Любимые, они не подумали, что у меня не было выбора, но у меня был шанс. Вот этот. У них масса безопасных шансов друг дружку давить. Поэтому я пошпарил по прямой. На могучих своих снегоходах. На Чуке и Геке. Полы ватничка маскировали маленькую хитрость — временами я просто сидел на лыжах, как на санках. Глаза я зажмурил и поэтому не видел, как прыгали в стороны гиганты фигурного слалома, я даже визга их не слышал. Когда свист в ушах прогнул барабанные перепонки внутрь черепа и они уперлись одна в другую, я решил, что насладился довольно. Я открыл глаза, сквозь пленку от слез обозрел предстоящее пространство, выпрямил ноги и лег на левый бок. Больше я сделать ничего не мог, за меня старалась аэродинамика. Я видел, как лыжи несутся справа налево, забирая вверх по вертикальной снеговой стенке, огораживающей край нижней площадки. Далее мне предстояло, кружась, улететь в ближайшее ущелье, чтобы стать местной легендой.
Но это несколько превосходило мои намерения. Я полагал в те времена, что с таким жестом торопиться еще рановато. Дабы не искушать судьбу, я вывернул мои снегоступы как можно более вниз, после чего воткнулся в снег пятой точкой. Оставленной ею борозды, подумалось мне, вполне достаточно, чтобы считаться достопримечательностью здешних мест, ее я и решил подарить им на память о своем подвиге. Погасив инерцию, простенько и уютно я впаялся в гребень намета.

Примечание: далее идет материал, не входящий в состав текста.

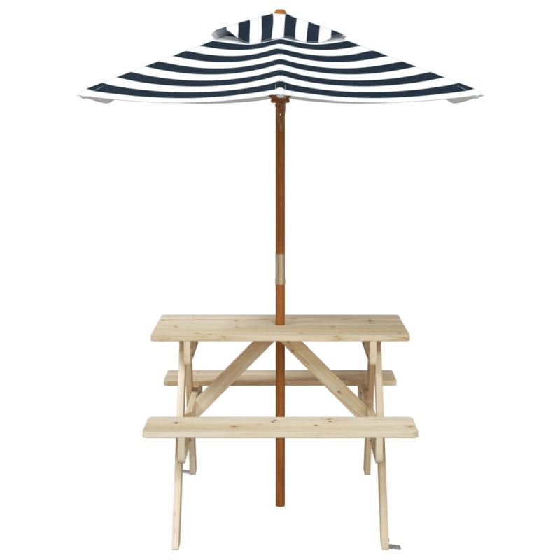 Пикник маса за 4 деца, с чадър, масивна чамова дървесина

Я еще посидел задумчиво, поскольку сразу, между нами, джентльмены, поднять себя на ноги было мне нечем: вся жизнь моя ушла в эту точку контакта и намертво вцепилась в гребень, и не сразу расслабилась и вернулась обратно.

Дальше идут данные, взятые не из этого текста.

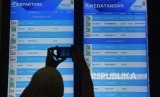 Calon penumpang memotret jadwal keberangkatan dan kedatangan pesawat di Bandara Halim Perdanakusuma, Jakarta, Senin (4/4) malam. (Republika/Raisan Al Farisi) (FOTO : Republika/Raisan Al Farisi)

Когда я уходил, шелест потрясения догнал мой слух. Лишь один завистник, скрутившись восьмеркой от желудочной зависти, прошипел своей ярко-желтой даме: «Чепуха! Все рассчитано. Классический шюсс. Я видел в Швейцарии парня, который вот так же съехал в бочке. Как всегда — через пять лет дошло до нас, и вот…» Ну-ну.
Когда вечером я вошел в питейное заведение, меня уже узнавали, столик нашелся мгновенно, подогретое вино было подано без спросу, но долго никто не решался сесть со мной. Потом все надрались, стало мутно от дыма, никто уже не обращал повышенного внимания на мою гимнастерочку со стоячим еще воротником и сигареты «Дымок».
Но я ошибался, джентльмены, полагая, что вот так, ненавязчиво, весь, с содержимым и содержащим был наконец ассимилирован окружающей средою. Когда я захотел подвинуть стул, чтобы возложить на него ноги, обутые в кирзовые ботинки «Турист», стул подставился сам по себе. Я не поверил сразу, я недоверчив от природы, и я уже нарочно протянул руку куда-то вбок, не глядя стряхнуть пепел — и попал в подставившуюся с такою же готовностью посудину, я повернул голову в сторону заоравшего у стойки молодца, и здоровенный мужик, загородивший спиною зону осмотра, мгновенно был отодвинут в сторону чьей-то мощной угождающей мне рукой.
Да-да, джентльмены, именно так все случается. Не меняя выражения морды лица, не шелохнувшись, медленно-медленно обвел я глазами окрестности и обнаружил, что окружен молчаливыми, очень большими мальчиками, сосредоточенными на выполнении моих желаний. Более того, в малоподвижных глазах их я прочел все свои предстоящие штуки, вернее, тот набор, который они предполагали для выполнения.
Меня и не их готовность поразила, а именно это вот знание, которое и одушевляло квадратные лица, будто сбылось наконец то, чего обладатели квадратов с ушами ждать уже устали. Уж и не надеялись, что случится. А случилось. Атас! Глаза их вспыхивали зеленым и красным волчьим огнем. Я случайно плюхнулся на пустовавшее место.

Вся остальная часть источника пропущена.